Anyways, you set down this subunit on a planet. It goes to work. In an hour, the nanomachinery subunit has made a complete copy of itself. In somewhat more time, it has to manufacture a second copy of everything else. The nanomachinery subunit makes all the high end stuff—the sensors, the circuitry, the bearings—everything complex, while the 3d printer makes all the big parts.
Pessimistically, this takes a week. A greyhound bus is 9x45 feet, and there are 5.5e15 square feet on the earth’s surface. To cover the whole planet’s surface would therefore take 44 weeks.
Now you need to do something with all the enormous piles of waste material (stuff you cannot make more subunits with) and un-needed materials. So you reallocate some of the 1.3e13 robotic systems to build electromagnetic launchers to fling the material into orbit. You also need to dispose of the atmosphere at some point, since all that air causes each electromagnetic launch to lose energy as friction, and waste heat is a huge problem. (my example isn’t entirely fair, I suspect that waste heat would cook everything before 44 weeks passed). So you build a huge number of stations that either compress the atmosphere or chemically bond the gasses to form solids.
With the vast resources in orbit, you build a sun-shade to stop all solar input to reduce the heat problem, and perhaps you build giant heat radiators in space and fling cold heat sinks to the planet or something. (with no atmospheric friction and superconductive launchers, this might work). You can also build giant solar arrays and beam microwave power down to the planet to supply the equipment so that each subunit no longer needs a nuclear reactor.
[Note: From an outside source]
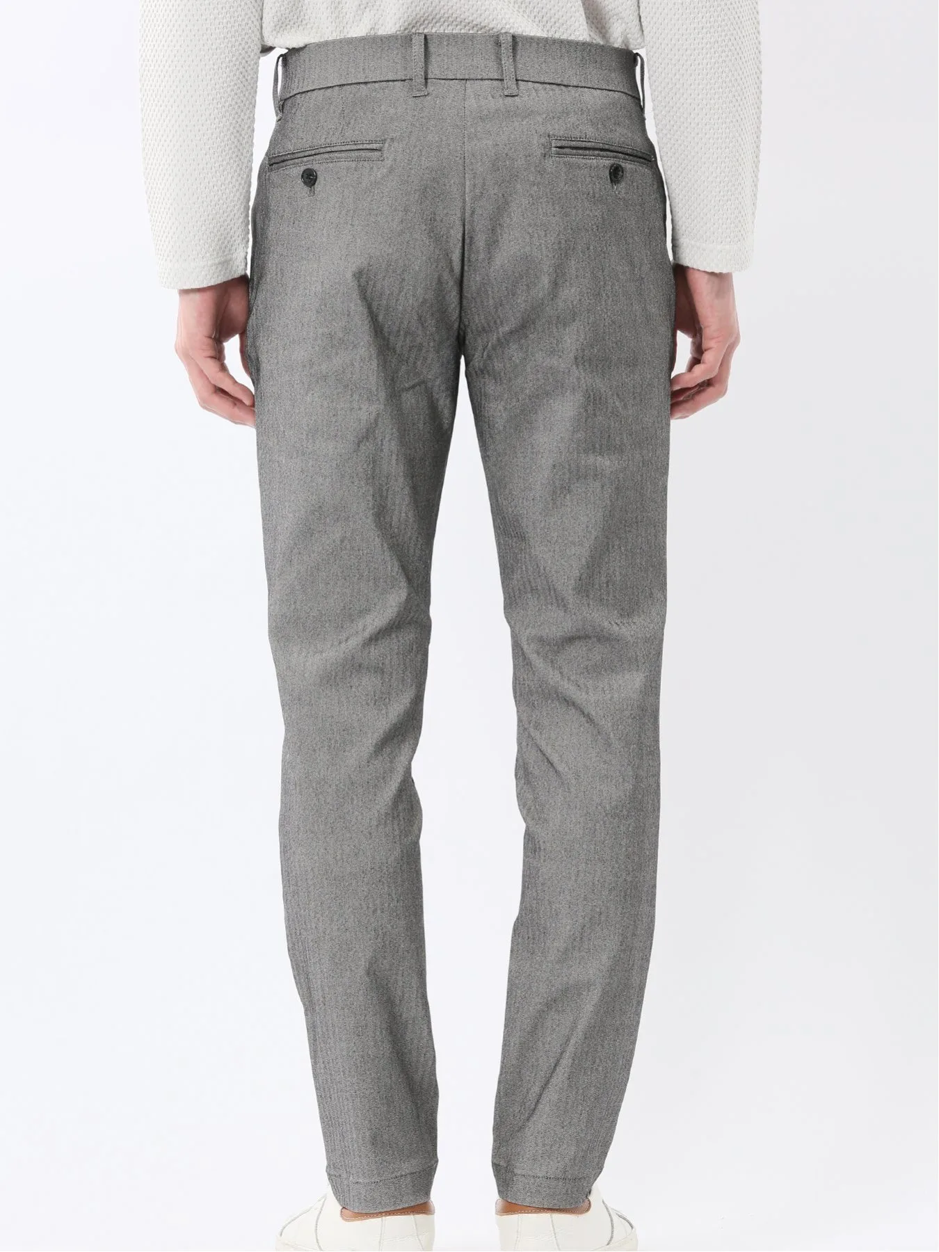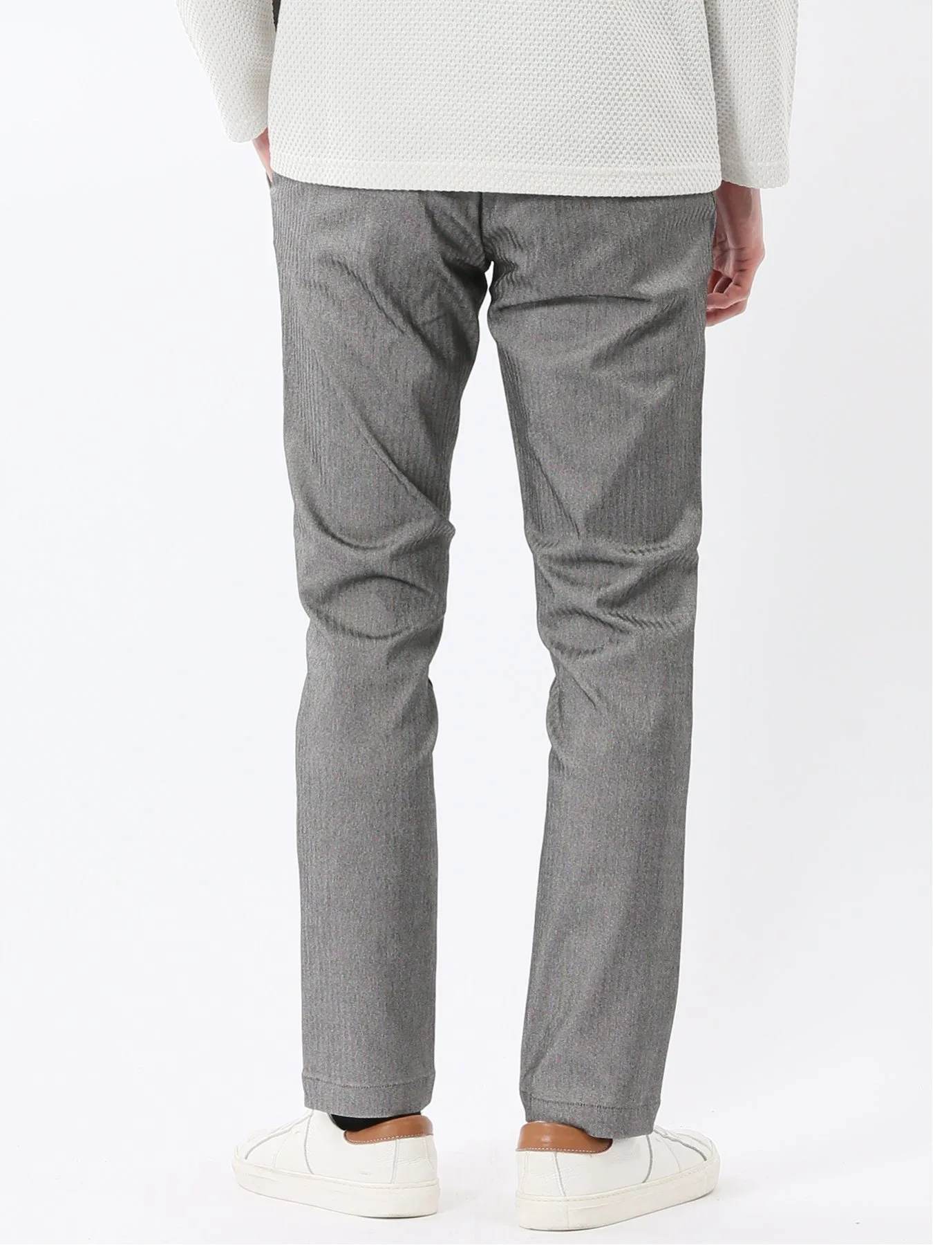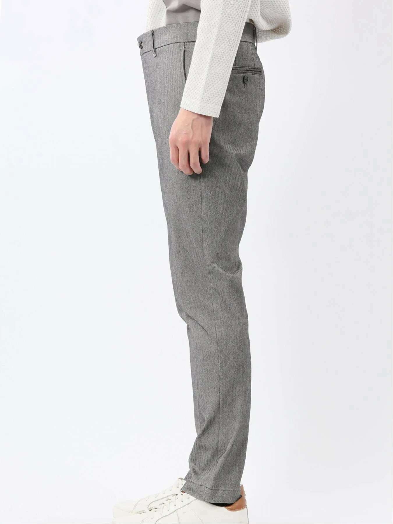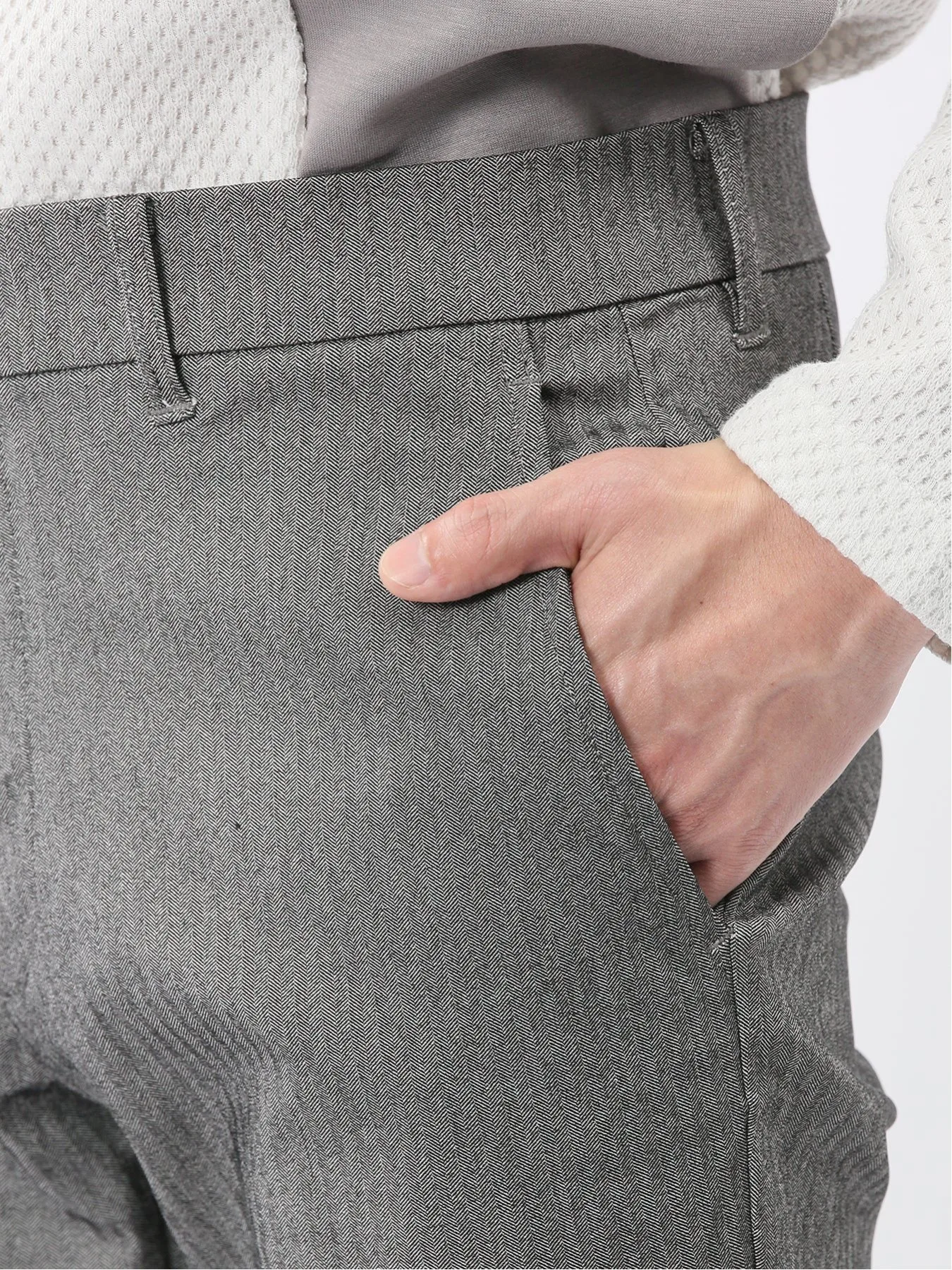 Материал "Cross Stretch" свободно растягивается, обеспечивая свободу движений, что делает его удобным и стильным. Он изготовлен из смеси вискозы, нейлона и полиуретана. Узор «елочка», в котором чередуются левостороннее и правостороннее саржевое переплетение, создает текстурированную поверхность.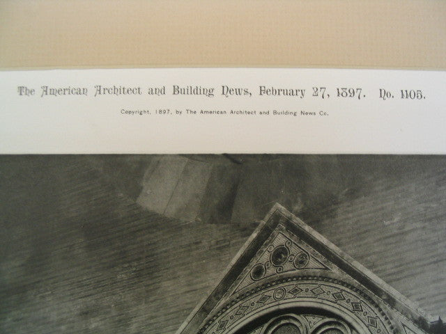 W. A. Potter, architect(s). From the American Architect and Building News, February 27, 1897. 13 by 17.5 inches. VG condition with some spots, some browning around.

Once the earth’s crust is gone, what do you do about the rest of the planet’s mass? Knock molten globules into orbit by bombarding the planet with high energy projectiles? Build some kind of heat resistant containers that you launch into space full of lava? I don’t know. But at this point you have converted the entire earth’s crust into machines or waste piles to work with.
This is also yet another reason that AI is part of the puzzle. Even if failures were rare, there probably are not enough humans available to keep 1e13 robotic systems functioning, if each system occasionally needed a remote worker to log in and repair some fault. There’s also the engineering part of the challenge : these later steps require very complex systems to be designed and operated. If you have human grade AI, and the hardware to run a single human grade entity is just a few kilograms of nano-circuitry (like the actual hardware in your skull), you can create more intelligence to run the system as fast as you replicate everything else.